Presidents Day: The Four Freedoms

On this Presidents Day, I am offering a remembrance of a president who served in one of the most trying moments of our history. There are a precious few such presidents who met such challenges, and they are especially worthy of our remembrance this day. And allow me to present a speech he gave that changed the world, and some of you are old enough to remember it.

Franklin Delano Roosevelt began his State of Union Address of 1941 by noting that he was speaking “at a moment unprecedented in the history of the union.” The photo here shows FDR giving that speech in the House of Representatives. 

The President went on to outline the threats to the United States, and in particular the fascist military dictators in Germany, Italy and Japan. The United States was not yet at war, but within the year would be. 

FDR’s speech on Jan. 6. 1941 came with the dire backdrop of worldwide economic depression, an unprecedented economic calamity that reached every corner of the globe. He addressed a nation mired in isolationism, the naïve idea that the oceans would protect us and that the horrific threats to people abroad had nothing to do with us. Roosevelt told the Congress and the nation: “I find it unhappily necessary to report that the future and the safety of our country and of our democracy are overwhelmingly involved in events far beyond our borders.”

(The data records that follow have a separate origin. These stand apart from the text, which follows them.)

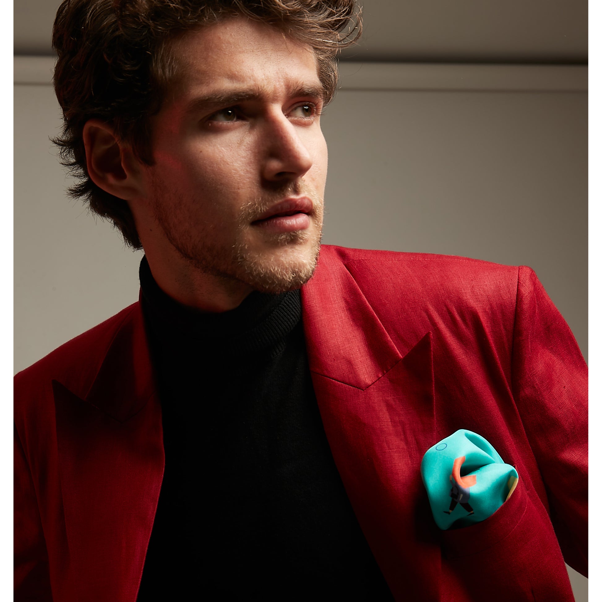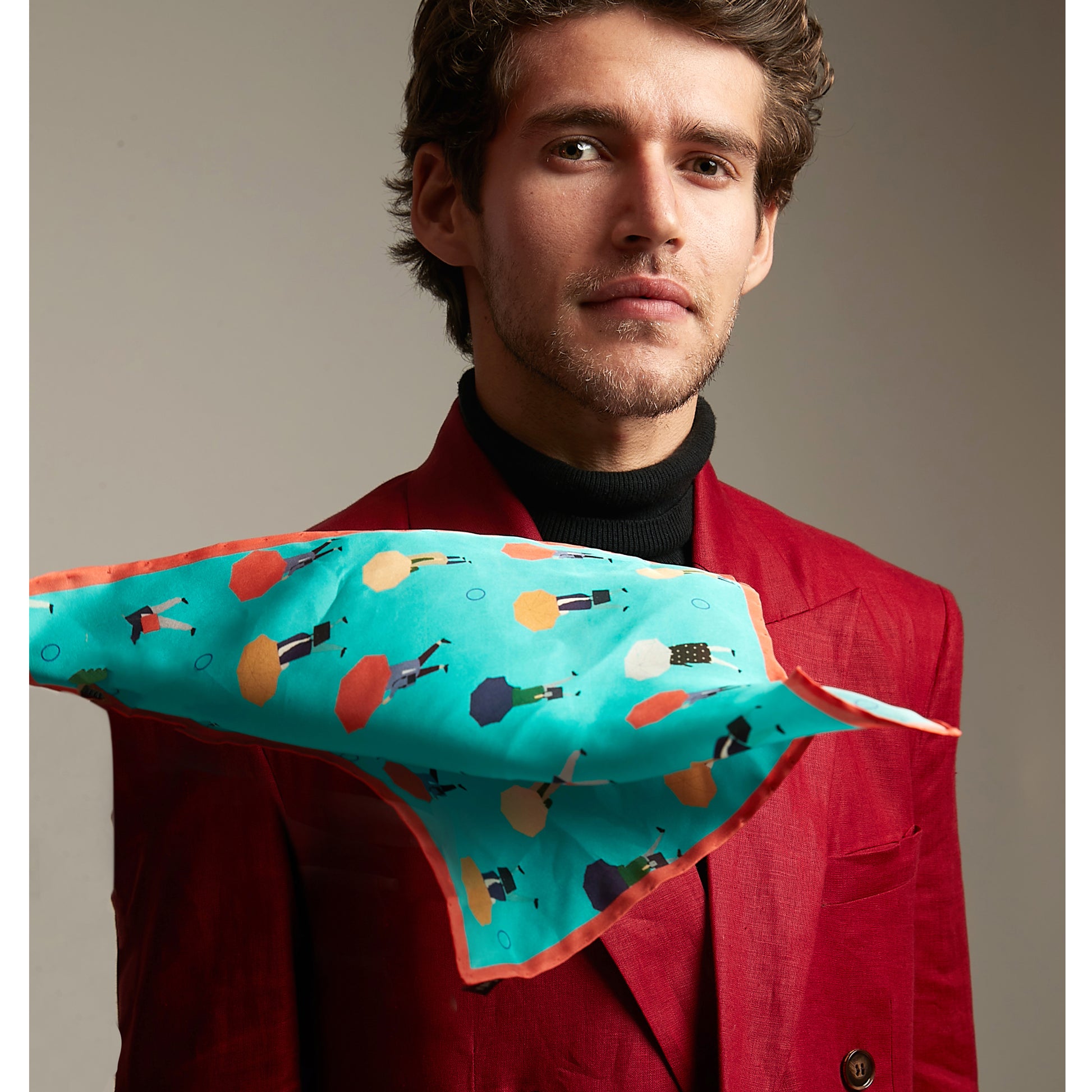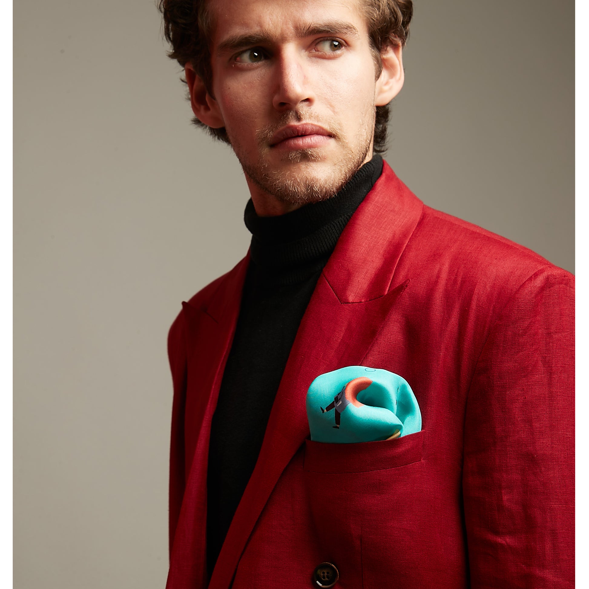 Pocket Square with a digitally printed illustration.
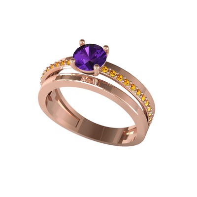 Ametist ve sitrin 18 ayar rose altın yüzük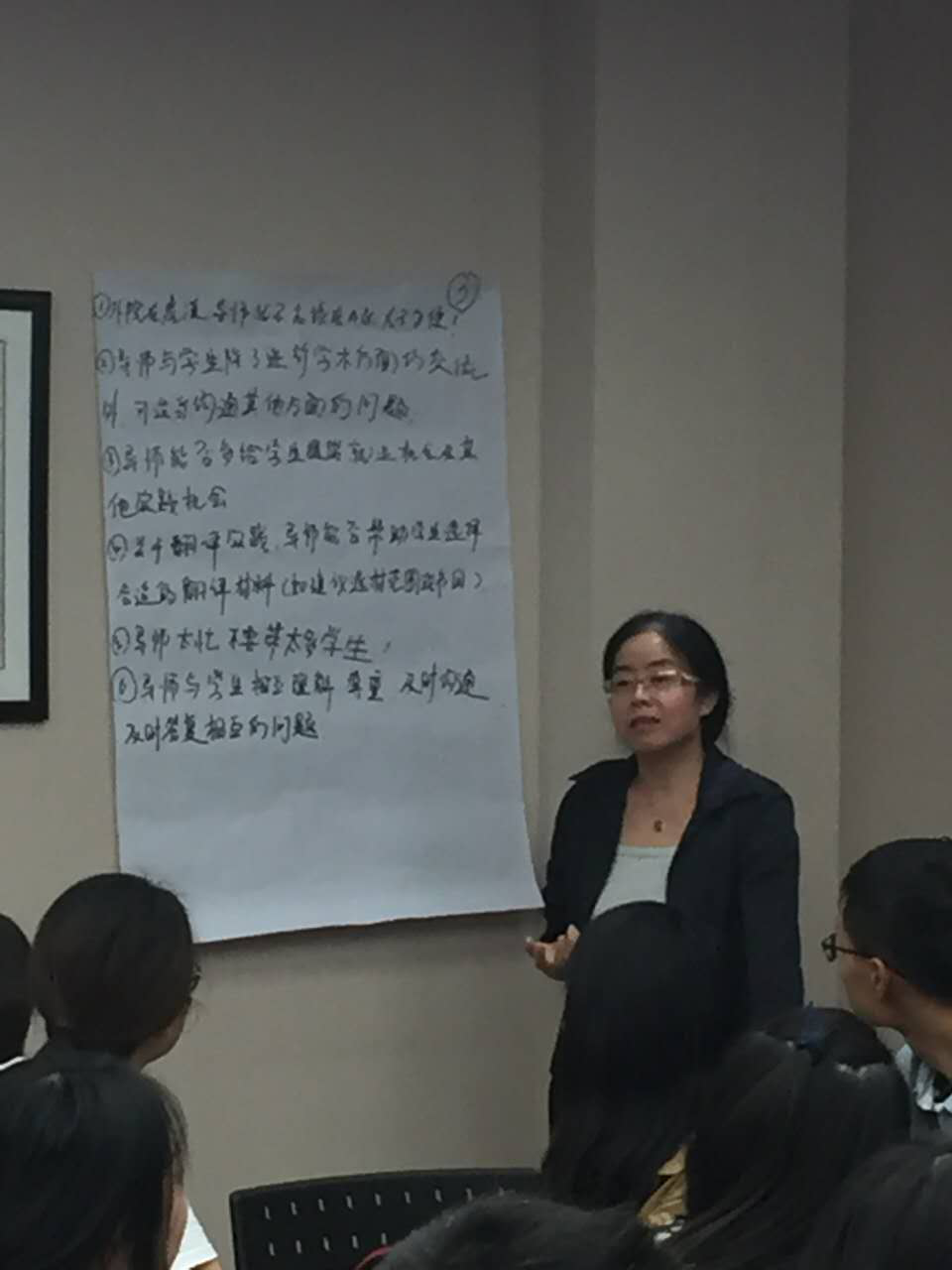 全体翻硕学生共计六十余人参加了本次教育指导会。会议由游振声老师主持,彭静院长主讲。会上,彭院长主要围绕翻译硕士培养目标、课程设置、翻译实践要求及如何处理学习和兼职、学生与导师之间的关系等为同学们作了详尽的讲解。同学们认真聆听彭院长的讲解,并在“国家奖学金参评应考虑那些因素”和“导师和学生应如何相处”讨论环节展开了激烈的讨论。

Roosevelt sketched a practical response to tyranny, and then he went a step further. It was the end of his address that set his words apart as one of the most notable speeches in the history of the American presidency. Roosevelt outlined the principles that became known as “the Four Freedoms.” Here, in the words of Franklin Delano Roosevelt, are the Four Freedoms:

The State of the Union
To the 77th Congress
January 6, 1941
Franklin D. Roosevelt


. . . In the future days, which we seek to make secure, we look forward to a world founded upon four essential human freedoms.
The first is freedom of speech and expression – everywhere in the world.

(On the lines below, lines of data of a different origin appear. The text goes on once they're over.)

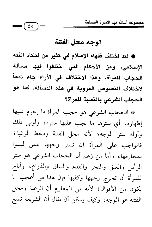 الوجه محل الفتنة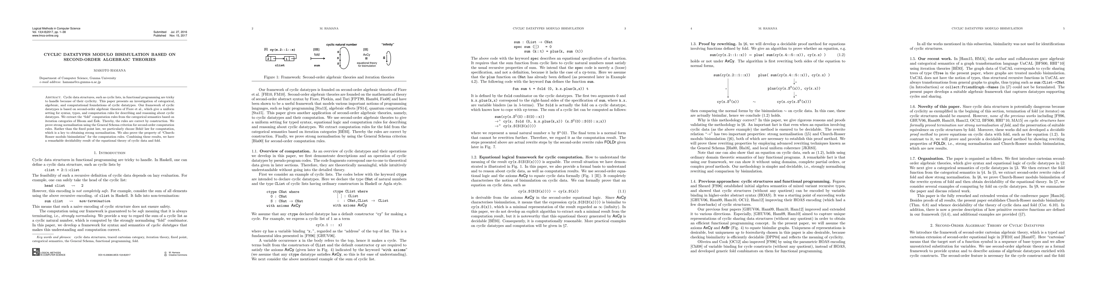 This paper investigates cyclic data structures using second-order algebraic theories, establishing a framework for their syntax, types, and computation rules. It proves strong normalization and Church-Rosser properties, leading to decidability of the equational theory of cyclic data and fold.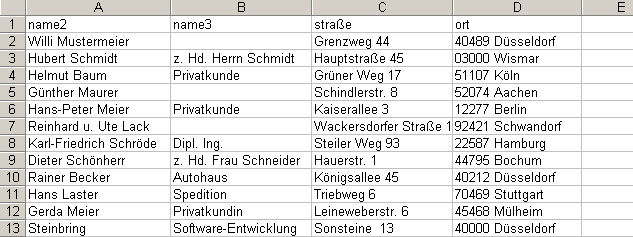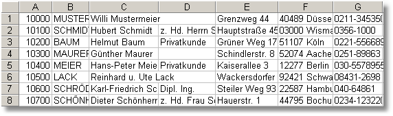 •Öffnen Sie das Excel-Dokument, um die Adressen zu bearbeiten. Die angezeigte Liste sollte in etwa so aussehen: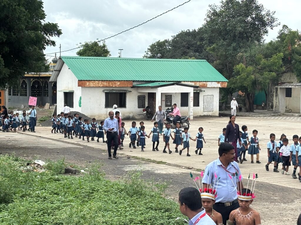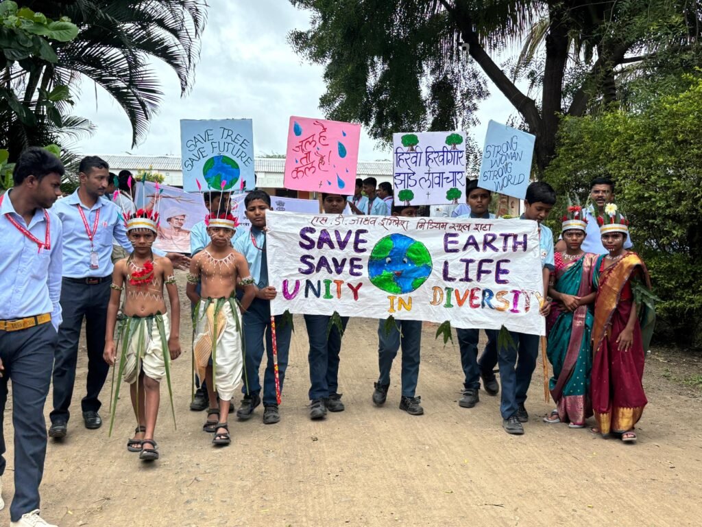 सिन्नर प्रतिनिधी : -एस डी जाधव इंग्लिश मीडियम स्कूल मध्ये दि.१ सप्टेंबर २०२५ रोजी भगवान बिरसा मुंडा यांच्या १५० व्या जयंतीनिमित्त शाळेमध्ये वृक्ष संवर्धन, पर्यावरण संवर्धन, स्त्री सबलीकरण आणि राष्ट्रीय एकात्मता या मूल्यांची जोपासना करण्यासाठी भव्य पदयात्रा काढण्यात आली.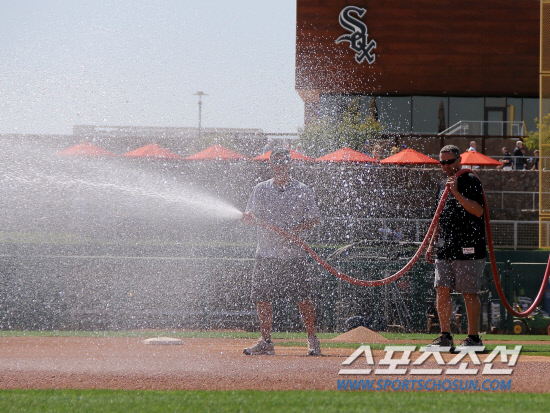 10일(한국시각) 이대은(23)이 출전한 메이저리그 시카고 컵스와 시카고 화이트삭스의 시범경기가 벌어지기 전 미국 애리조나주 글렌데일의 카멜백 랜치에서 운동장 관리인들이 물을 뿌리며 게임을 준비하고 있다. 이 야구장은 시카고 화이트삭스와 LA 다저스가 스프링캠프로 사용하고 있다. 글렌데일(미 애리조나주)=이사부 기자 golf@sportschosun.com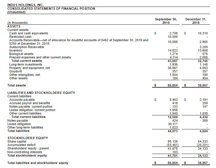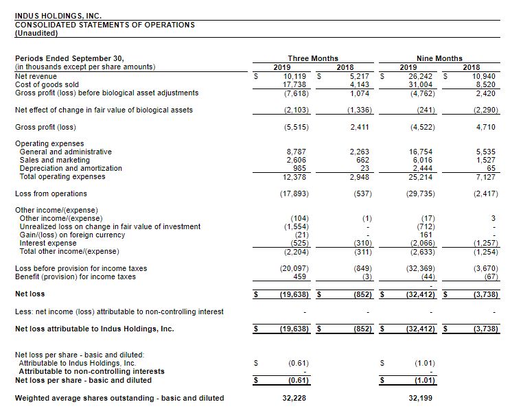 Indus Holdings, Inc. Reports Third Quarter 2019 Financial Results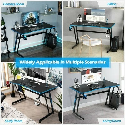 Are you still looking for a cool and sturdy gaming desk? Have a look at ours! Equipped with a crossbar and Z-shaped structure, the gaming desk has excellent weight capacity up to 220lbs. Coming with a wide desktop, the gaming desk allows you to put various items, such as your computer, keyboard, decorations, books, etc. Meanwhile, the desktop is made of MDF, which effectively enhances overall durability and the carbon fiber surface is easy to clean. Besides, this gaming desk comes with a headphone hook and a gaming handle rack which can store your things in an organized manner, and cup holder which allows you to place your favorite drinks. With gaming style, the gaming desk can help you create a gaming atmosphere. Specification: Color: Blue + Black/Red + Black. Material: MDF, Metal. Overall Dimension: 47.5” x 23.5” x 29”. Weight Capacity: 220 lbs. Net Weight: 33 lbs. Package includes:. 1 x Gaming Desk. 1 x Instruction.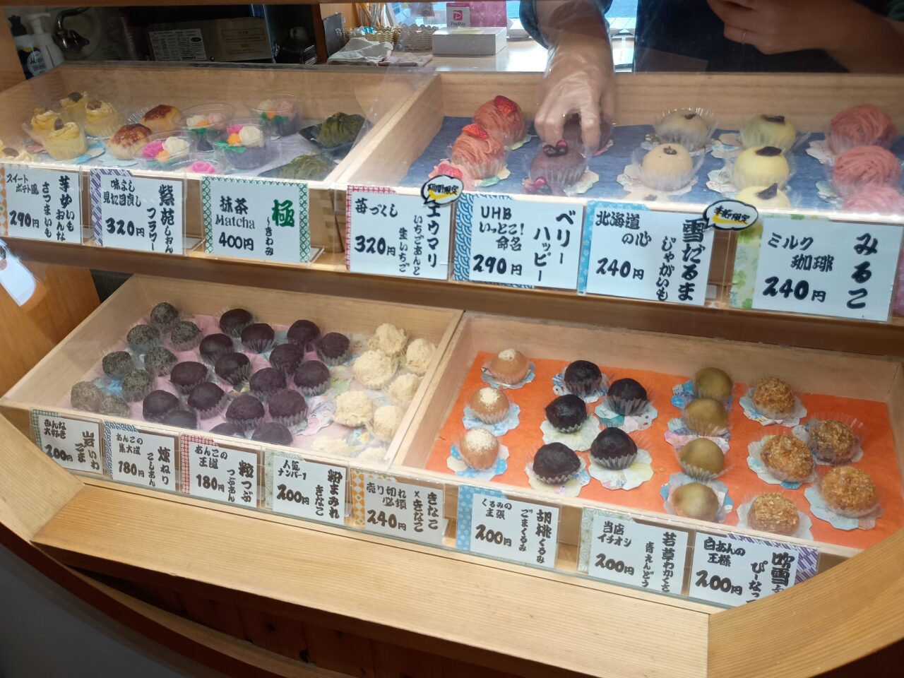 ショーウインドウにはいつもの見慣れたおはぎとは全く違うとてもフォトジェニックなおはぎが並んでいました。お花の形をしたものやイチゴが入っているもの、モンブランのようなおはぎなどお土産にもピッタリですね!

The second is freedom of every person to worship God in his own way – everywhere in the world.

The third is freedom from want, which, translated into world terms, means economic understandings which will secure to every nation a healthy peacetime life for its inhabitants – everywhere in the world.

The fourth is freedom from fear, which, translated into world terms, means a world-wide reduction of armaments to such a point and in such a thorough fashion that no nation will be in a position to commit an act of physical aggression against any neighbor – anywhere in the world.

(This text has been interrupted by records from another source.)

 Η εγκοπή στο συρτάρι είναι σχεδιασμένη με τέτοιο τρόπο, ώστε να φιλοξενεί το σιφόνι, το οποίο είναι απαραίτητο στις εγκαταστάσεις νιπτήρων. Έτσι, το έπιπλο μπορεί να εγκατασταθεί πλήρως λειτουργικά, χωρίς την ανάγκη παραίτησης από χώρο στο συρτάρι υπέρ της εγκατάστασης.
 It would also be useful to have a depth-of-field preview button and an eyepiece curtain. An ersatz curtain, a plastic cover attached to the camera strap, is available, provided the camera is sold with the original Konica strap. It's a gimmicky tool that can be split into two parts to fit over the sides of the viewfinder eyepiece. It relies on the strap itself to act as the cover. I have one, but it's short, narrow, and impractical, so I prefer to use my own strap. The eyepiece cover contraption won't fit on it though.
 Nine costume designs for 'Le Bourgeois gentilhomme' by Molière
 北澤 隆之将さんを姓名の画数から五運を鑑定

That is no vision of a distant millennium. It is a definite basis for a kind of world attainable in our own time and generation. That kind of world is the very antithesis of the so-called “new order” of tyranny which the dictators seek to create with the crash of a bomb.

To that new order we oppose the greater conception – the moral order. A good society is able to face schemes of world domination and foreign revolutions alike without fear.

Since the beginning of our American history we have been engaged in change, in a perpetual, peaceful revolution, a revolution which goes on steadily, quietly, adjusting itself to changing conditions without the concentration camp or the quicklime in the ditch. The world order which we seek is the cooperation of free countries, working together in a friendly, civilized society.

This nation has placed its destiny in the hands and heads and hearts of its millions of free men and women, and its faith in freedom under the guidance of God. Freedom means the supremacy of human rights everywhere. Our support goes to those who struggle to gain those rights and keep them. Our strength is our unity of purpose.

To that high concept there can be no end save victory.